I developed a lightweight HDR pre-processing stage that converts SDR input to HDR format and converts the HDR back to SDR using a piecewise curve to preserve highlight and shadow detail, improving the robustness of ORB-SLAM3 under extreme contrast. I also evaluated on EuRoC MAV and TUM RGB-D using APE (Sim3, translation) and RPE (Δ=5 frames). The proposed method achieved consistent improvements over the baseline. Pooled results across datasets: APE −8.8%, RPE −6.2%; on TUM specifically: APE −10.6% with a 77% win-rate, and RPE −12.3%. Classical baselines were included for comparison, and all experiments were fully reproducible via Docker/Conda scripts with fixed VO configurations and timestamps.

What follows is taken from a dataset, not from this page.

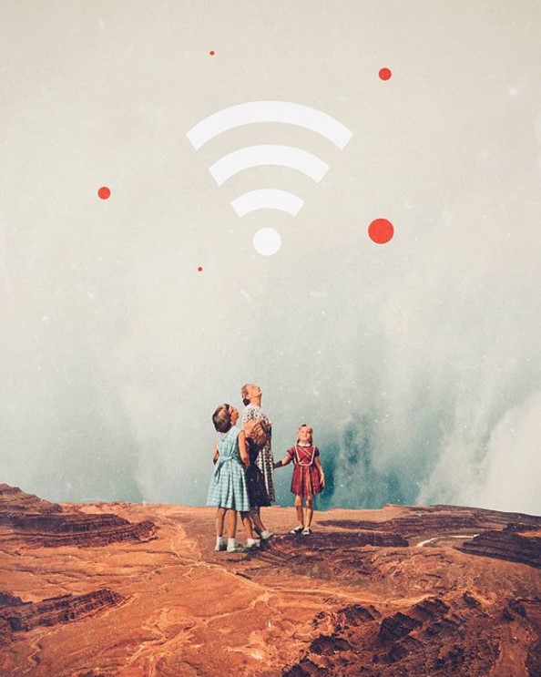 Frank Moth, a pseudonym for two digital artists, began in 2014 in Athens. They create collages that are old school and futuristic at the same time. Their nostalgic postcards have been featured in many publications worldwide, such as Huffington Post US, Buzzfeed and MTV Greece.
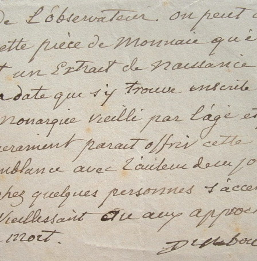 Manuscrit du numismate Anatole Chabouillet. Il décrit la découverte d'un ancien liard faite en 1885 à Penthièvre, près de Bône, dans un enclos ayant servi d'infirmerie militaire, devenue la résidence du médecin de colonisation. Il donne les explications sur le fait que la pièce qui semble être à l'effigie d'Henri IV, a été frappée lors du règne de Louis XIII, en 1629.

Learned Pre-Processing for Perceptual Quality Optimization [GitHub]

In this project, I developed a deep learning system that optimizes input data before processing to significantly improve perceptual quality metrics. The approach uses a U-Net architecture with a Detail Compensation Module (DCM) trained end-to-end using differentiable proxy models—a quality metric estimator and a processing pipeline simulator—enabling gradient-based optimization of traditionally non-differentiable systems. This methodology allows neural networks to learn optimal input transformations by backpropagating through proxy representations of complex processing chains, opening applications in compression, transmission, enhancement, and other quality-sensitive pipelines. Evaluation on 183,660 test samples shows a mean improvement of 21.2 VMAF quality points. The model achieves a 99.99% success rate with only 0.01% degradation cases, validating the proxy-based training methodology. These results translate to practical efficiency gains of 30-40% at equivalent perceptual quality. The framework is pipeline-agnostic and can be adapted to various domains including video compression, image transmission, medical imaging preprocessing, and neural network input optimization, demonstrating the broad applicability of differentiable proxy-based learning for optimizing non-differentiable systems.

Deep learning based encoder proxy [GitHub]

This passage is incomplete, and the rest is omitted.